All of the data is to be written out again exactly, without the pictures.
[[ The data open ]]
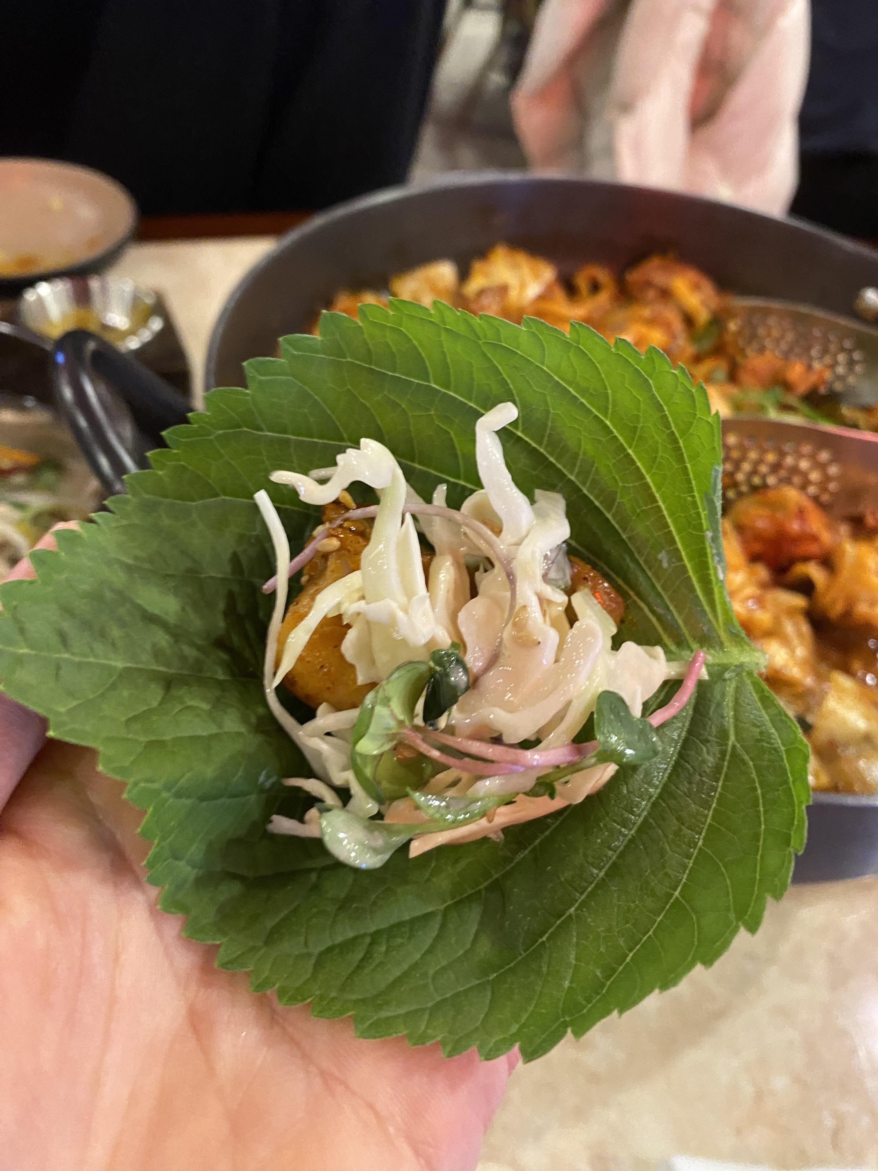 마지막 사진은 직원분이 추천해 주신 대로 깻잎에 닭갈비랑 샐러드랑 같이 넣어서 먹어봤습니다. ㅎㅎ
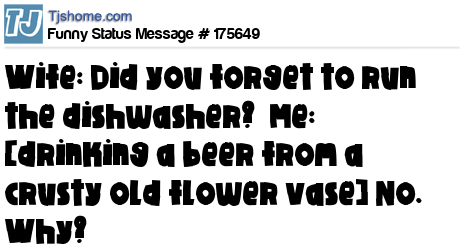X says Wife: Did you forget to run the dishwasher? Me: [drinking a beer from a crusty old flower vase] No. Why?
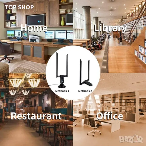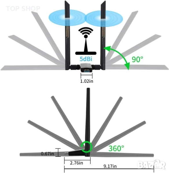 Предаване на дълги разстояния: Оборудван с 2 бр WiFi антени с усилване от 5 dBi, двупосочна комуникация на данни, по-висока ефективност на предаване и по-дълъг обхват, за да се осигури разширен WiFi и отлична стабилност във вашия настолен компютър, лаптоп и компютър.
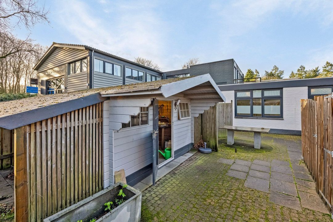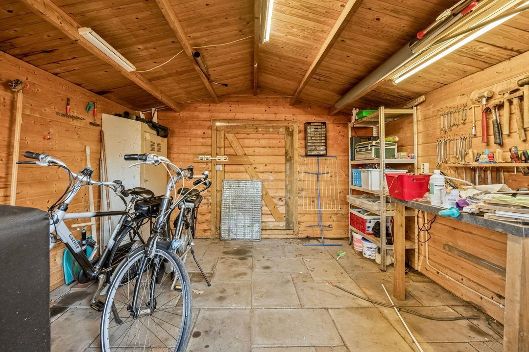 Daarnaast beschikt u over een aparte toegang naar een houten tuinhuis, gelegen naast de oprit. Dit biedt mogelijkheden voor het stallen van fietsen, tuingereedschap of extra opslag.
[[ The data closed ]]
Answer for this exercise ::
 마지막 사진은 직원분이 추천해 주신 대로 깻잎에 닭갈비랑 샐러드랑 같이 넣어서 먹어봤습니다. ㅎㅎ
X says Wife: Did you forget to run the dishwasher? Me: [drinking a beer from a crusty old flower vase] No. Why?
 Предаване на дълги разстояния: Оборудван с 2 бр WiFi антени с усилване от 5 dBi, двупосочна комуникация на данни, по-висока ефективност на предаване и по-дълъг обхват, за да се осигури разширен WiFi и отлична стабилност във вашия настолен компютър, лаптоп и компютър.
 Daarnaast beschikt u over een aparte toegang naar een houten tuinhuis, gelegen naast de oprit. Dit biedt mogelijkheden voor het stallen van fietsen, tuingereedschap of extra opslag.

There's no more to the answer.